Sometimes you get a dodgy egg and incubate it just for the heck of it, knowing it's unlikely to result in anything, he hatched from such an egg. The egg was like a floppy bag of snot, only 2/3 full, during incubation it took on moisture and filled out to a normal egg shape. I was quite surprised when it actually hatched though.

I find the symmetry of the deformity rather interesting, it's like nature knew there was only enough building blocks to make 2/3 of a gecko, so left some non-critical parts out during assembly.

The rounded tail causes him to fall on his back if he tries cage surfing, other than that he's fine.


----------



## Dr-Zoidberg (Oct 29, 2014)

I'd be interested to see if it produces "complete" offspring, weired little fellow none the less


----------



## Bearded_Penguin (Oct 29, 2014)

Dr-Zoidberg said:


> I'd be interested to see if it produces "complete" offspring, weired little fellow none the less


You can be sure I'll be putting that to the test once it reaches breeding age, though pretty sure it's related to the lack of egg contents.

Of course it could be the other way around, it's possible that is genetic and a chemical feedback mechanism from the egg caused her to expel it early, ever notice how new interesting morphs (that usually don't survive) often hatch from smaller eggs (I see this from various bearded dragon posts, assuming it happens with geckos as well).
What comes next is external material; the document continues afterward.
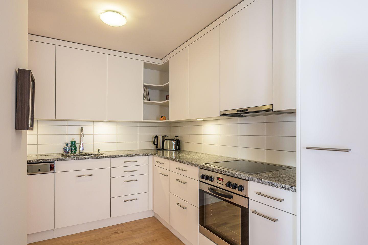 Die Küche ist ausgestattet mit Kühlschrank, Backofen und Herd, einer Nespresso-Kapselmaschine, Wasserkocher, Toaster und Geschirrspüler. Der Ess- und Wohnbereich lädt zu gemütlichen Abenden am Kamin ein. Bitte beachten Sie, dass kein Holz vorhanden ist und selbst organisiert werden muss.

She had a second egg that had even less contents but it shriveled up in the incubator fairly early.

It would be interesting if it was genetic, though a knobless knob-tail would make for a fairly strange morph.


----------



## Dr-Zoidberg (Oct 29, 2014)

A knobless knob-tail morph would be strange, yet intriguing. If it's tail where reduced any further it would almost look like a lanky frog.


----------



## kitten_pheonix (Oct 30, 2014)

I cant imagine why breeding a deformed animal is being considered. It may have other problems than just a physical appearance. Id seriously hope that if it were bred none of the offspring were sold.


----------



## PythonLegs (Oct 30, 2014)

kitten_pheonix said:


> I cant imagine why breeding a deformed animal is being considered. It may have other problems than just a physical appearance. Id seriously hope that if it were bred none of the offspring were sold.



Please dont start this discussion. It starts with a mong gecko, leads into jags, and ends with me getting another infraction for swearing at people. 
Best to just smile and nod.


----------



## Dr-Zoidberg (Oct 30, 2014)

kitten_pheonix said:


> I cant imagine why breeding a deformed animal is being considered. It may have other problems than just a physical appearance. Id seriously hope that if it were bred none of the offspring were sold.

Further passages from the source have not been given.